中学受験では、同じ学校を複数回受験できる制度を採用しているところがあります。我が家も、併願校の一つとしてこの制度がある学校を受験校に組み込みました。今回は、実際にやってみて感じたメリット・デメリットをお伝えしたいと思います。
そもそも、複数回受験とは?

複数回受験とは、同じ学校の入試を、日程を変えて複数回受けることです。単純に複数回受けるだけの場合もあれば、学校によって複数回受験をすることで優遇措置を受けられる制度を設けている学校もあります。試験の点数に加点をしてもらえるタイプの優遇措置が一般的ですが、学校によって仕組みはさまざまなので、募集要項でしっかり確認しておくことをおすすめします。
個人的に複数回受験で加点がある学校の受験を検討している場合、入試説明会へ必ず行った方が良いと思います。優遇措置制度は学校ごとで全く違う上に、学校によっては優遇措置を受けるための細かい規定がある場合もあります。入試説明会では細かい部分の説明も必ずありますし、不明点は説明会後に質問もできるので、検討している場合は入試説明会へ行くほうが良いと思います。
コース制×複数回受験なら、コースアップのチャンスにも
コース制を導入している学校の場合、複数回受験をすることでコース変更合格できるケースもあります。
例えば、1回目の受験で下のコースに合格していたとしても、2回目の受験で上のコースの基準を満たせば、上のコースでの入学が可能になる、という仕組みです。この場合、すでに合格そのものは確定しているので、親子共に安心した状態で「もう一回挑戦してみよう」という気持ちで臨めます。子どもによっては、この「もう一段階上を目指せる」という状況が、受験本番でのモチベーションになることもあるかもしれません。
我が家は1回目合格後、2回目を欠席した
我が家が受験した学校の場合、記憶があいまいな部分もあるのですが、2回目の受験の際に持ち点を10点ほど加点して計算する仕組みだったと思います。ただ、うちの子は1回目の受験で合格できたため、2回目は出願だけして欠席するという形になりました。
この判断は、本人が「もう2回目の受験はしない」とはっきり言ったことでスムーズに決まりました。親としても、すでに合格が確定している学校に、あえてもう一度受験しに行く理由を親としても見出せませんでした。もしも、本人が「出願してるから受験する」といえば、受験しに行ったとは思います。
メリットは、精神的な安心感が大きい

複数回受験のメリットは、その学校が本命なのか、併願なのか、抑えなのか…受験校の位置づけによっても変わってくると思います。

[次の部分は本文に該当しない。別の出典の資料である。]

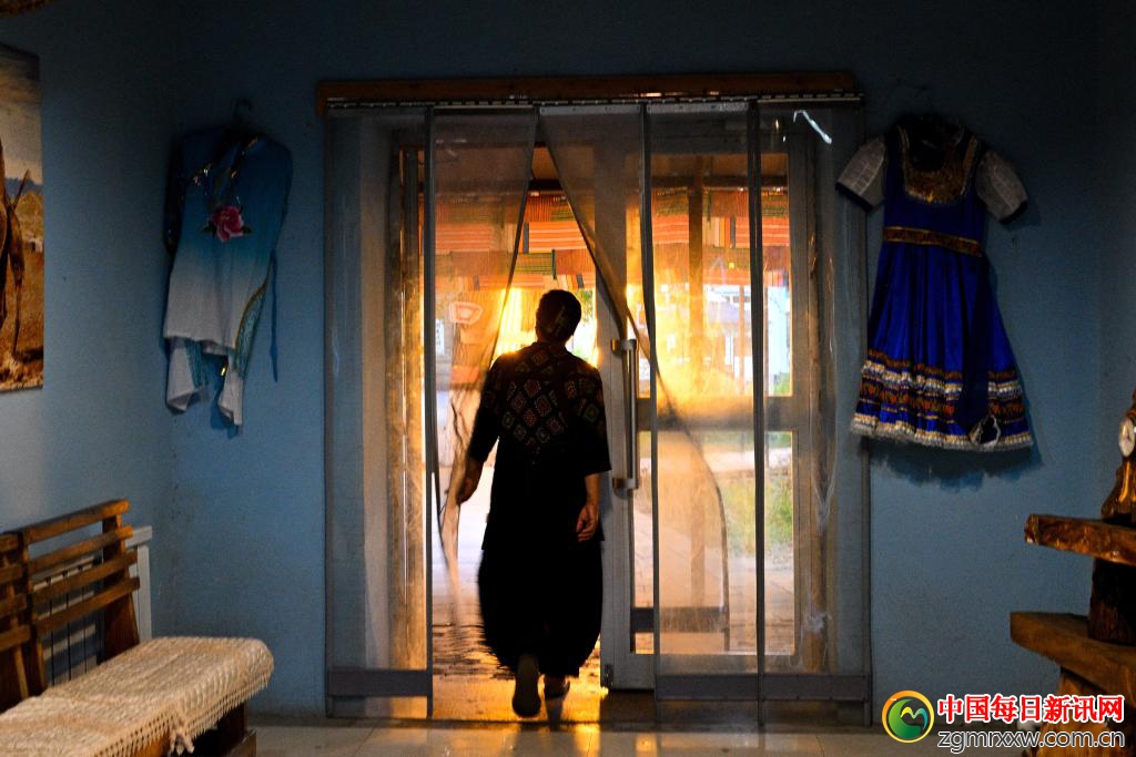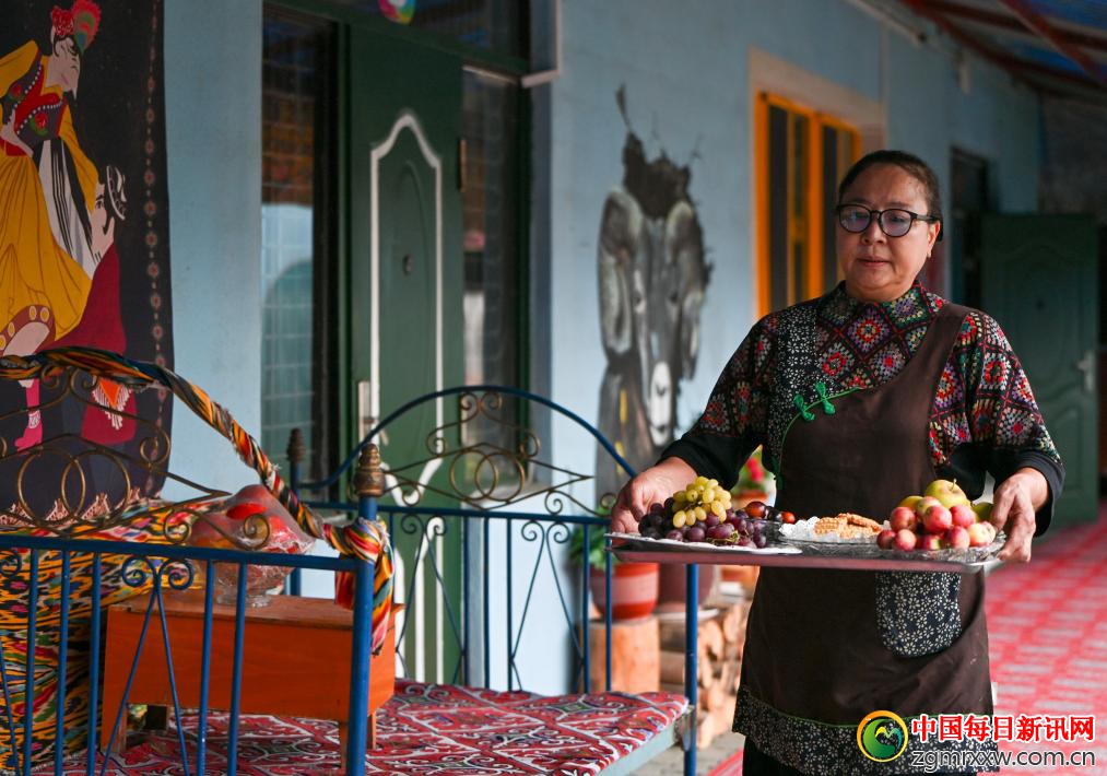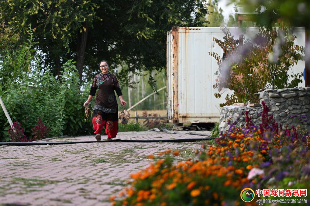 9月17日,哈萨克族客人库尔加娜在院中跳舞。

ただ、どの受験校の位置づけでも共通して言えるのは、精神的な面での安心感が大きいということです。単純に複数回チャレンジできるという安心感以外に、加点システムを導入している学校においては「もし1回目で落ちても、2回目は加点があるからきっと大丈夫」と思えます。この安心感は子どもだけでなく、親にとっても心の支えになります。
デメリットは、受験料と日程の固定化
一方でデメリットとして感じたのは、同じ学校を受験するために受験料が回数分かかることです。我が家のように、1回目で合格して2回目を欠席したパターンでは、2回目分の受験料はそのまま無駄になってしまいました。(学校によっては返金対応してくれる学校や出願を1回目の結果を見てからできる学校もあります)
また、1つの学校に対して受験日程が複数埋まってしまうという点も、デメリットとして挙げられると思います。本命校であれば問題ないのですが、併願校・抑え校の位置づけで複数日程埋まってしまうというのは困るケースもあります。

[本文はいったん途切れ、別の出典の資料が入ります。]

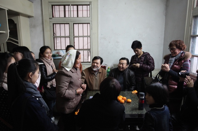 师生一行到达嘉善县丁栅镇沉香村,村里住着一位原生态歌手顾秀珍,她是当年唱田歌红遍大江南北的“顾家两姐妹”中的老二,而今的顾奶奶也已经74岁了。一进老奶奶家,印入眼帘的就是大墙上挂着两张奖状——“双十佳文明示范家庭”和“一九九五年首届‘万川杯’吴歌大奖赛二等奖”。老奶奶热情地捧出自家种的橘子,邀请同学和老师们品尝,在昏暗而拥挤的农村平房中,却洋溢着一片热闹喜庆。围坐下来,老奶奶开始和大家讲述自己年轻时参加比赛的场景,并为大家演唱了原生态嘉善田歌,“跌落声”“大头歌”“急急歌”等曲调被老人再度演绎,很难想象,那时年轻美丽,红遍大江南北的“顾家两姐妹”是如此朴素,也许正是这种朴实无华,这些原生态且富有民风民俗的艺术品、艺术形式,才得以真正保留,成为宝贵的文化财富。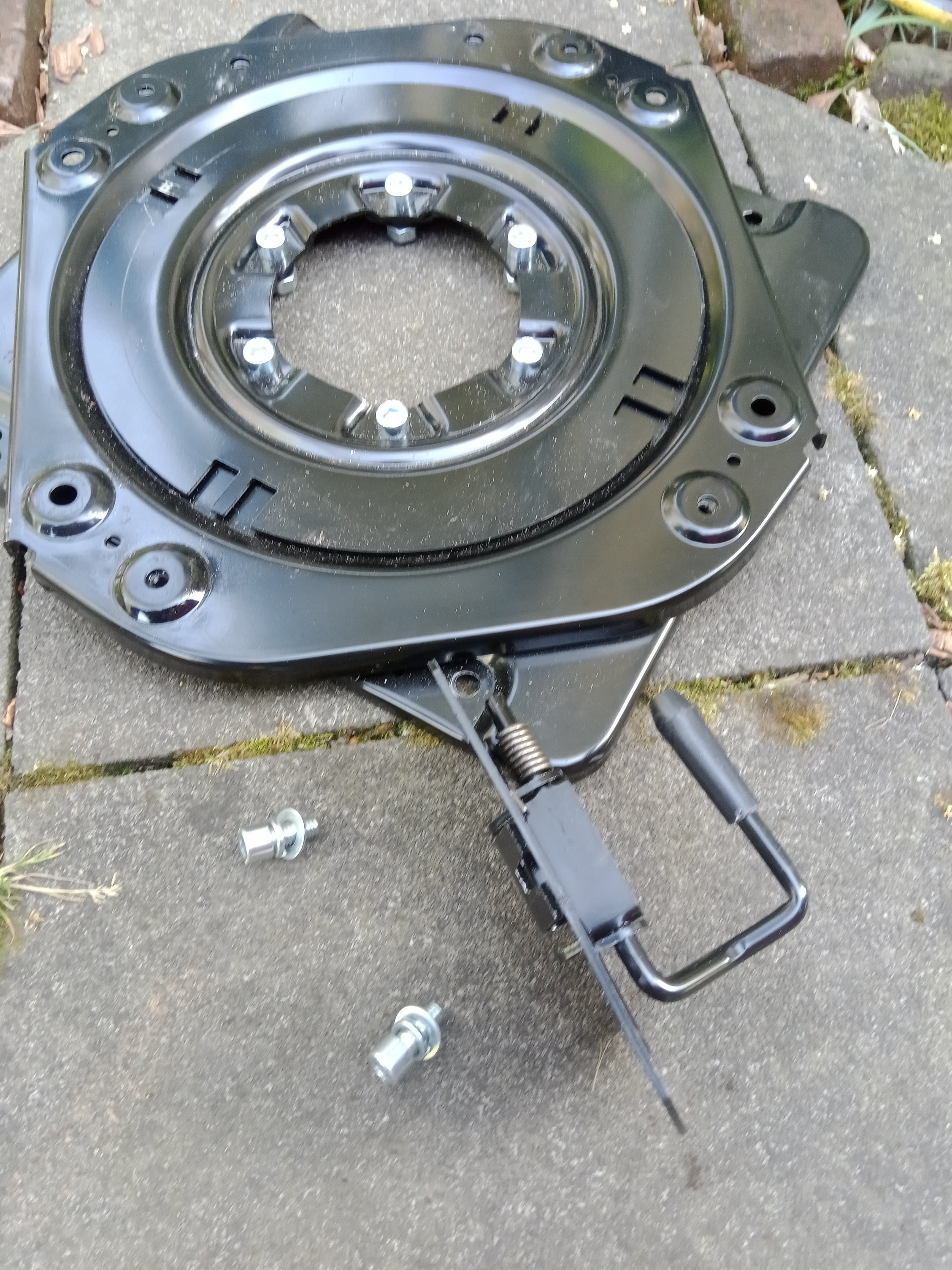 Man wird dieses Drehteil unterm Sitz abschrauben können,wenn man es etwas links/rechts dreht und durch die Löcher der Sitzbefestigung den Inbus ansetzt.Dabei zuerst die hinteren Schrauben ausdrehen.Aber leider dreht dieser Schemel nicht mehr,selbst wenn man die Hebelmechanik entfernt ....grrrr....warum ? Da is doch nüschts mehr,was blockieren könnte....hab es mit einem langen Hebel versucht zu drehen...mich dabei auch mal drauf gehockt...nüschts ,bombenfest !

我が家が受験した学校の場合、加点の対象になる受験日程が1つに限定されていたため、加点を得るためにその日は必ずその学校を受けなければならず、日程が固定化されてしまったのが正直痛いところでした。
学校によっては、受験回数に応じて段階的に加点されるところもあるようなので、複数回受験を検討する際は、どのような加点方式が採用されているかを重視して見ておくといいと思います。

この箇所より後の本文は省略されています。